**Instructions for the task**
Omit every picture and write out the rest of the records exactly.

[Recorded data]
........

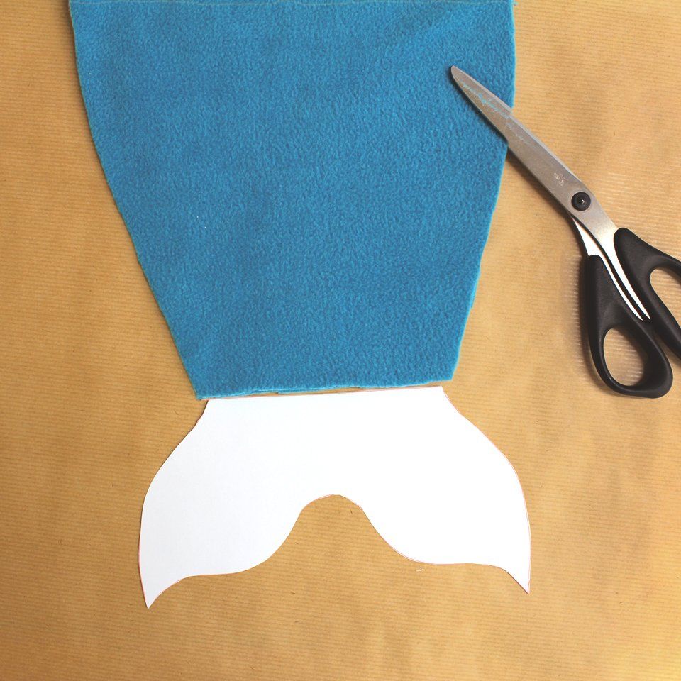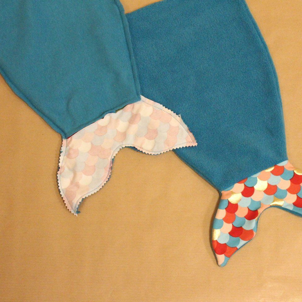 Nun könnt ihr loslegen und nähen. Zuerst näht ihr (rechts auf rechts) die Flosse an das vordere und hintere Mittelteil aus Fleece. Legt die beiden Teile aufeinander – die rechte Seite nach innen – und näht einmal um die komplette Flosse. Versäubert die Naht, wenn nötig, mit einer Zickzack-Schere. Dreht die Meerjungfrauenflosse auf links.
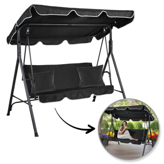 Huśtawka ogrodowa 3-osobowa z baldachimem i 2 poduszkami, czarna HO01CZ
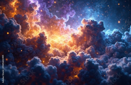 Vivid cosmic clouds illuminated by bright light in a colorful night sky
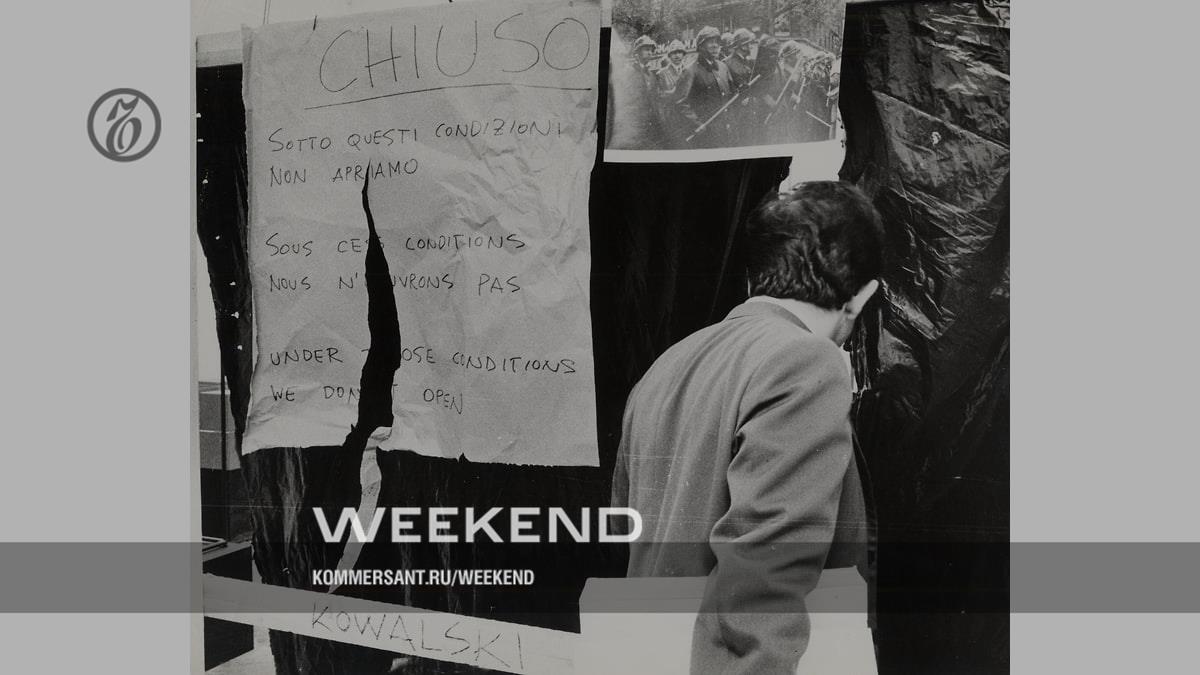 Сообщение о закрытии павильона на Венецианской биеннале 1968 года. Экспонат выставки «Встревоженные музы. Когда биеннале встречается с историей»
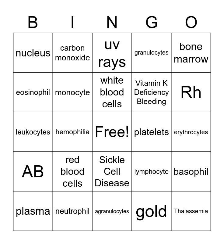 This bingo card has a free space and 24 words: plasma, red blood cells, white blood cells, gold, bone marrow, nucleus, carbon monoxide, uv rays, platelets, erythrocytes, leukocytes, monocyte, lymphocyte, basophil, eosinophil, neutrophil, agranulocytes, granulocytes, Rh, AB, hemophilia, Sickle Cell Disease, Vitamin K Deficiency Bleeding and Thalassemia.
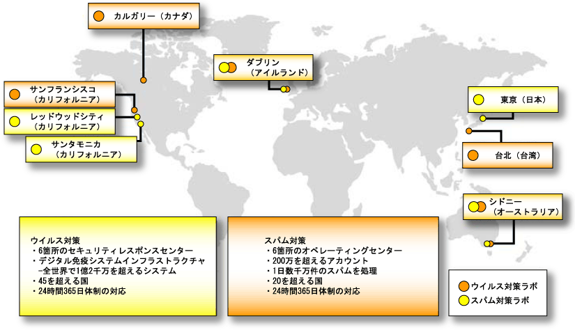 シマンテックの製品やサービスは、シマンテックグローバルインテリジェンスネットワークのセキュリティ研究組織でサポートされています。この組織は、セキュリティ脅威に関するセキュリティ通知を世界中で収集、分析、配信しています。1億5,000万を超えるウイルス対策デスクトップ、20,000の侵入検知ソフトウェア(IDS)クライアント、180を超す国々で稼働するファイアウォールセンサー、43,000を超える管理対象セキュリティ装置から、悪質なコードデータを収集しています。
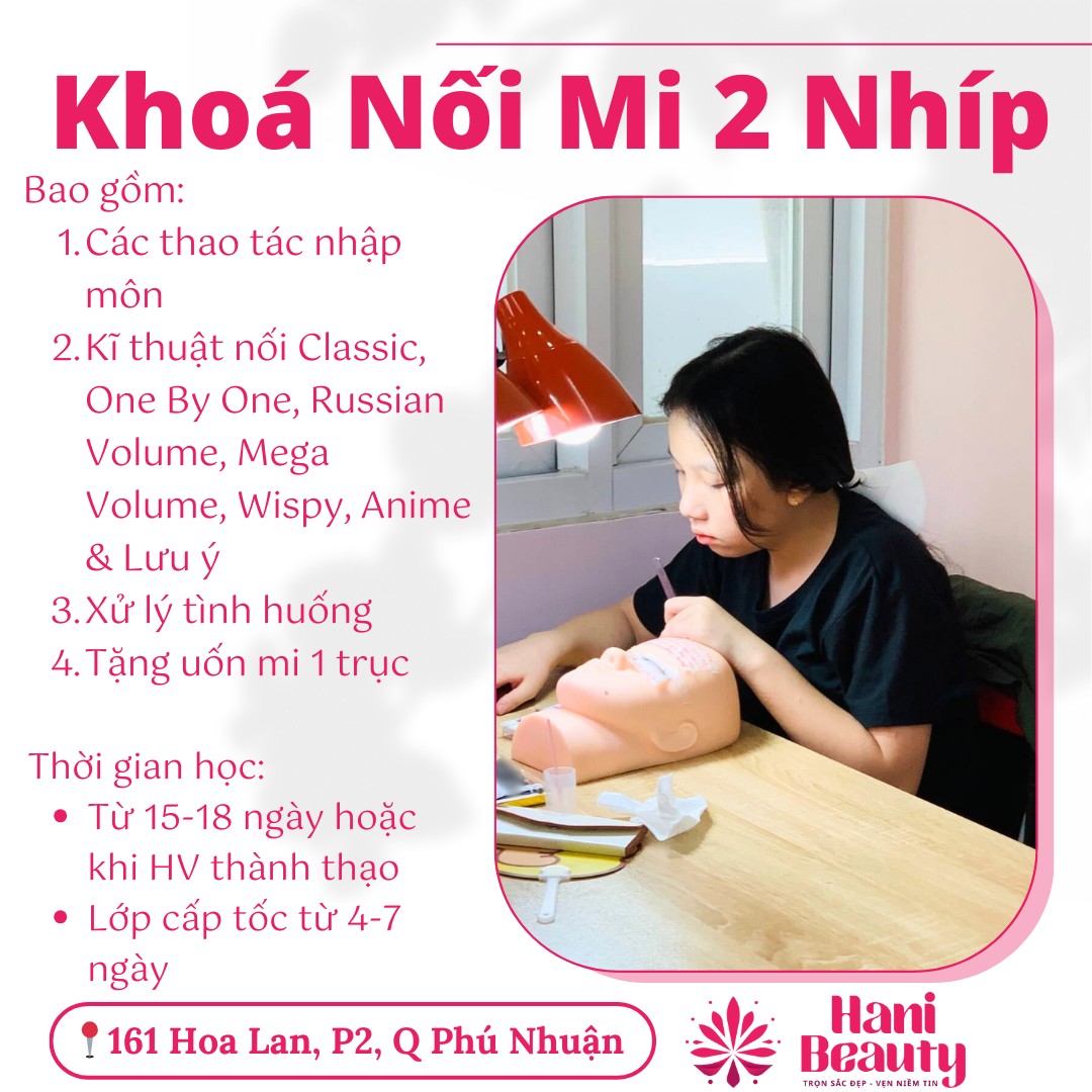 Học nối mi nâng cao chuyên sâu là con đường ngắn nhất giúp bạn chuyển đổi nghề nghiệp, tăng thu nhập và làm chủ cuộc sống. Với khoản đầu tư chỉ bằng một chiếc điện thoại tầm trung, bạn đã sở hữu kỹ năng sinh lời bền vững, phục vụ nhu cầu đẹp của hàng nghìn khách hàng trong nhiều năm tới. Hãy nhớ rằng Học nối mi nâng cao chuyên sâu: Đầu tư nhỏ, lợi ích lớn cho sự nghiệp làm đẹp không chỉ là một câu khẩu hiệu, mà là sự thật đã được chứng minh qua hàng nghìn học viên của Hani Academy. Đừng bỏ lỡ cơ hội bứt phá con đường làm đẹp của riêng mình – đăng ký ngay hôm nay để bước vào tương lai nghề nghiệp rực rỡ!
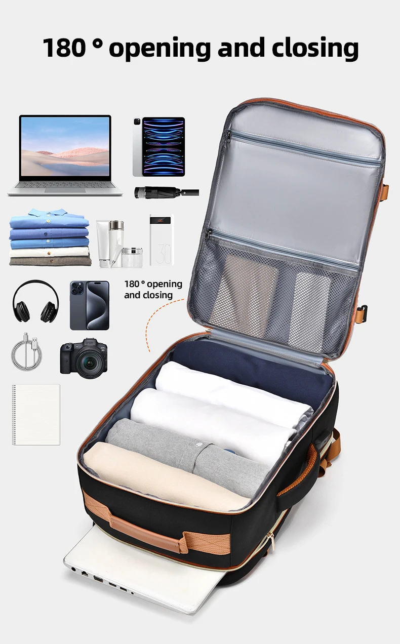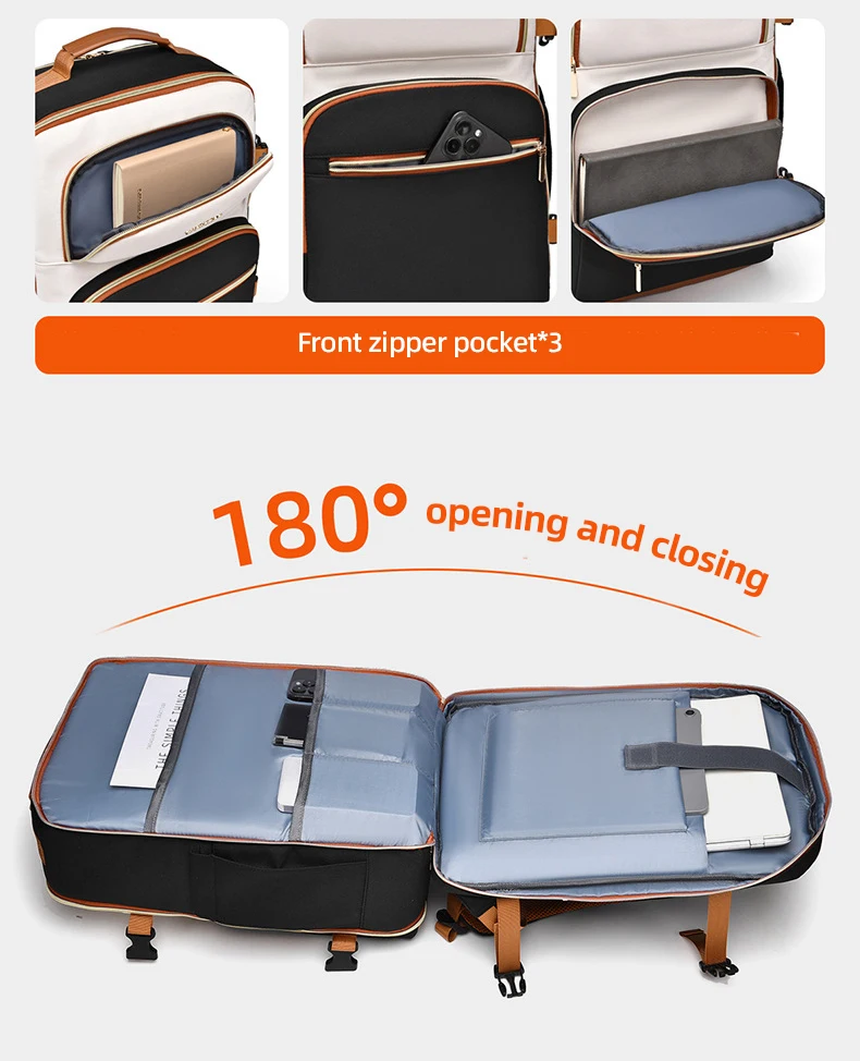 4.La bolsa con cremallera está oculta en la parte posterior, que puede equiparse con la función de maleta y es conveniente para viajar.
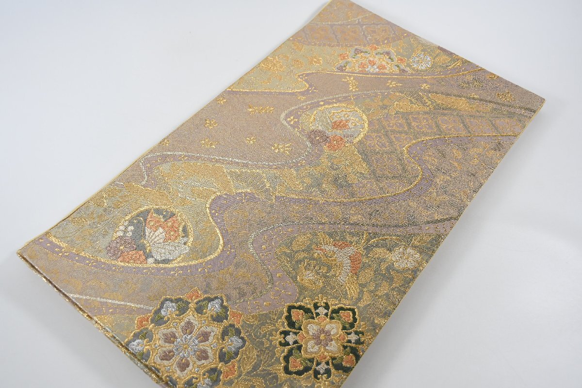> 袋帯 プラチナ箔二重織 更紗 六通柄 金糸 花 帯丈420cm ★着物屋 ne-13066 桜庭呉服店
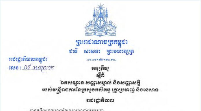 អនុក្រឹត្យ ស្តីពី ឯកសណ្ឋាន សញ្ញាសម្គាល់ និងសញ្ញាសក្តិ របស់មន្ត្រីរាជការនៃក្រសួងកសិកម្ម រុក្ខាប្រមាញ់ និងនេសាទ

........

**Output for this exercise**
 Nun könnt ihr loslegen und nähen. Zuerst näht ihr (rechts auf rechts) die Flosse an das vordere und hintere Mittelteil aus Fleece. Legt die beiden Teile aufeinander – die rechte Seite nach innen – und näht einmal um die komplette Flosse. Versäubert die Naht, wenn nötig, mit einer Zickzack-Schere. Dreht die Meerjungfrauenflosse auf links.
 Huśtawka ogrodowa 3-osobowa z baldachimem i 2 poduszkami, czarna HO01CZ
 Vivid cosmic clouds illuminated by bright light in a colorful night sky
 Сообщение о закрытии павильона на Венецианской биеннале 1968 года. Экспонат выставки «Встревоженные музы. Когда биеннале встречается с историей»
 This bingo card has a free space and 24 words: plasma, red blood cells, white blood cells, gold, bone marrow, nucleus, carbon monoxide, uv rays, platelets, erythrocytes, leukocytes, monocyte, lymphocyte, basophil, eosinophil, neutrophil, agranulocytes, granulocytes, Rh, AB, hemophilia, Sickle Cell Disease, Vitamin K Deficiency Bleeding and Thalassemia.
 シマンテックの製品やサービスは、シマンテックグローバルインテリジェンスネットワークのセキュリティ研究組織でサポートされています。この組織は、セキュリティ脅威に関するセキュリティ通知を世界中で収集、分析、配信しています。1億5,000万を超えるウイルス対策デスクトップ、20,000の侵入検知ソフトウェア(IDS)クライアント、180を超す国々で稼働するファイアウォールセンサー、43,000を超える管理対象セキュリティ装置から、悪質なコードデータを収集しています。
 Học nối mi nâng cao chuyên sâu là con đường ngắn nhất giúp bạn chuyển đổi nghề nghiệp, tăng thu nhập và làm chủ cuộc sống. Với khoản đầu tư chỉ bằng một chiếc điện thoại tầm trung, bạn đã sở hữu kỹ năng sinh lời bền vững, phục vụ nhu cầu đẹp của hàng nghìn khách hàng trong nhiều năm tới. Hãy nhớ rằng Học nối mi nâng cao chuyên sâu: Đầu tư nhỏ, lợi ích lớn cho sự nghiệp làm đẹp không chỉ là một câu khẩu hiệu, mà là sự thật đã được chứng minh qua hàng nghìn học viên của Hani Academy. Đừng bỏ lỡ cơ hội bứt phá con đường làm đẹp của riêng mình – đăng ký ngay hôm nay để bước vào tương lai nghề nghiệp rực rỡ!
 4.La bolsa con cremallera está oculta en la parte posterior, que puede equiparse con la función de maleta y es conveniente para viajar.
> 袋帯 プラチナ箔二重織 更紗 六通柄 金糸 花 帯丈420cm ★着物屋 ne-13066 桜庭呉服店
 អនុក្រឹត្យ ស្តីពី ឯកសណ្ឋាន សញ្ញាសម្គាល់ និងសញ្ញាសក្តិ របស់មន្ត្រីរាជការនៃក្រសួងកសិកម្ម រុក្ខាប្រមាញ់ និងនេសាទ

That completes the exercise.